Hint: try running the following code:

```
arr = np.array([
    [0, 1, 2],
    [3, 4, 5],
    [6, 7, 8],
    [9, 0, 1],
])
print(arr.shape)
print(arr[None, :].shape)
```

In [None]:
y_hat = ...

Calculate `y_hat_avg` in `ensemble_metric`. `y_hat_avg` is a weighted average of `y_hat` along the first dimension, and is weighted according to `weights`, which is a list of floats of length `n_models`. There are some tests in there to help you out!
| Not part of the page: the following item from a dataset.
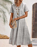 SPECIFIKATIONER Stil: Afslappet Materiale: Bomuldsblanding Kjoletype: A-linje Kjolelængde: Midi Halsudskæring: V-udskæring Mønstertype: Ternet Ærmetype: Almindeligt ærme Ærmelængde: Kortærmet Detaljer: Lomme,Knapper Pasform: Almindelig Sæson/årstid: Forår,Sommer Lejlighed: Daglig Pakken inkluderer: 1 x Kjole STØRRELSESTABEL (cm) Størrelse Bu...

Here's what you have to do:

1. Finish the definition for `init_guess`, which should be a list with length equal to the number of models you trained. Initialize it such that the weights for each model are between 0 and 1 and are equal for every model.
2. Run the code and make note of the RMSSE value. This is the RMSSE for a simple average of your predictions.

In [None]:
from functools import partial

def ensemble_metric(weights, y, y_hat, y_insample, insample_mask):
    y_hat_avg = np.average(y_hat, axis=0, weights=weights)
    assert y_hat_avg.ndim == 2, 'y_hat_avg has {y_hat_avg.ndim} dimensions, but it must be 2D. Did you calculate a weighted average over the first dimension?'
    assert y_hat_avg.shape == y.shape, 'y_hat_avg and y must have the same shape. y_hat_avg has shape {y_hat_avg.shape}, but y has shape {y.shape}'
    return rmsse(y, y_hat_avg, y_insample, insample_mask=insample_mask)

ensemble_metric = partial(ensemble_metric, y=y, y_hat=y_hat, y_insample=y_insample, insample_mask=insample_mask)

# Our first guess is setting all weights equal to each other, such that they sum up to 1
init_guess = ...

print(f'Inital Blend RMSSE: {ensemble_metric(init_guess):.6f}')

On line 16, replace `oof_names` with a list of the names of your models in the order that you added them to `y_hat`.

In [None]:
from scipy.optimize import minimize

bnds = [(0, 1) for _ in range(y_hat.shape[0])] # Weights must be between 0 and 1

res_scipy = minimize(
    fun=ensemble_metric, 
    x0=init_guess, 
    method='Powell', 
    bounds=bnds, 
    options=dict(maxiter=1_000_000),
    tol=1e-8
)

print(f'Optimised Blend RMSSE: {res_scipy.fun:.6f}')
print(f'Optimised Weights: {res_scipy.x}')
print('-' * 70)

oof_names = ...
for n, key in enumerate(oof_names):
    print(f'{key} Optimised Weights: {res_scipy.x[n]:.6f}')

ws = [ res_scipy.x[i] for i in range(len(oof_names))]

# normalize the weights so they sum to 1
weights = ws / np.sum(ws)
print(f'Normalized weights:')
print(weights)

Finally, answer the following questions:

1. How did the accuracy of your single model compare to the accuracy of the optimized ensemble?
2. How did the simple average ensemble compare to the optimized ensemble?
3. Does it make sense how the models were weighted? Did the most accurate model get the largest weight?
4. How might you combine hierarchical forecasting with ensembling?